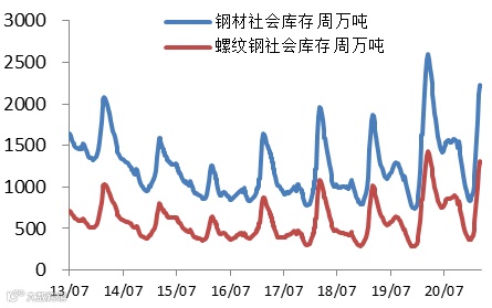 钢材和螺纹钢库存变化
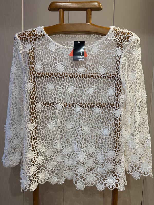 В наявності гарна кофточка-топ фірми GEORGE. Розмір вказаний 12, але за вимірами більше йде на 14. Склад: 100% поліестер. ПОГ-54, довжина — 65, плечі — 42, довжина рукава — 52, ширина низу — 57.
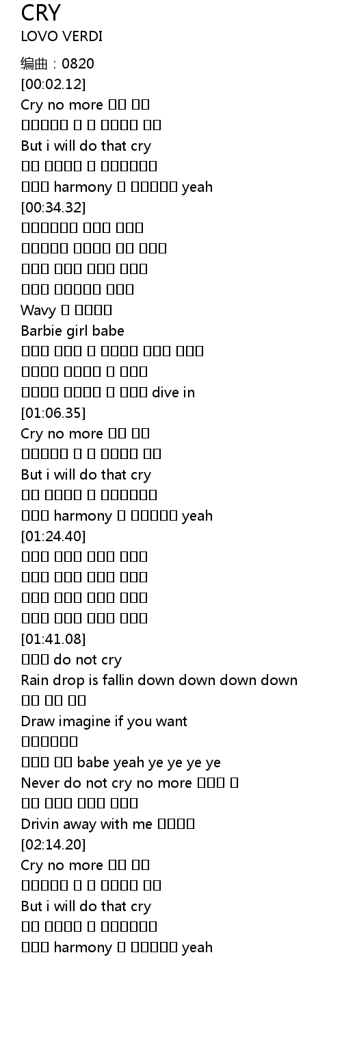 | [02:00.79] | Never do not cry no more 웃기만 해 |
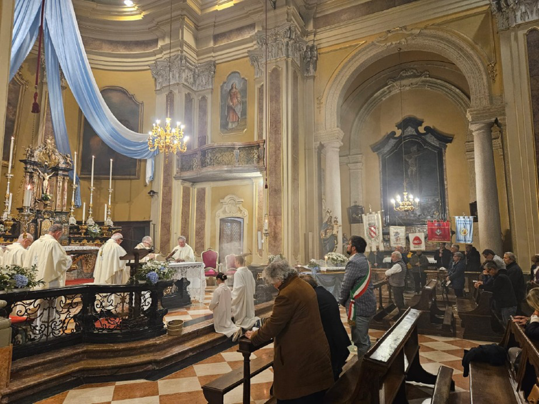 È stato don Emilio a tenere l’omelia, richiamando il senso della Sagra come festa della famiglia credente, commentando la Parola di Dio e applicandola particolarmente ai preti e ai vescovi ("Siamo servi"), e ricordando il suo servizio ad Agnadello.

**Work item**. Using the data above, print every line exactly, omitting pictures.

**Written response**.
 钢材和螺纹钢库存变化
 В наявності гарна кофточка-топ фірми GEORGE. Розмір вказаний 12, але за вимірами більше йде на 14. Склад: 100% поліестер. ПОГ-54, довжина — 65, плечі — 42, довжина рукава — 52, ширина низу — 57.
 | [02:00.79] | Never do not cry no more 웃기만 해 |
 È stato don Emilio a tenere l’omelia, richiamando il senso della Sagra come festa della famiglia credente, commentando la Parola di Dio e applicandola particolarmente ai preti e ai vescovi ("Siamo servi"), e ricordando il suo servizio ad Agnadello.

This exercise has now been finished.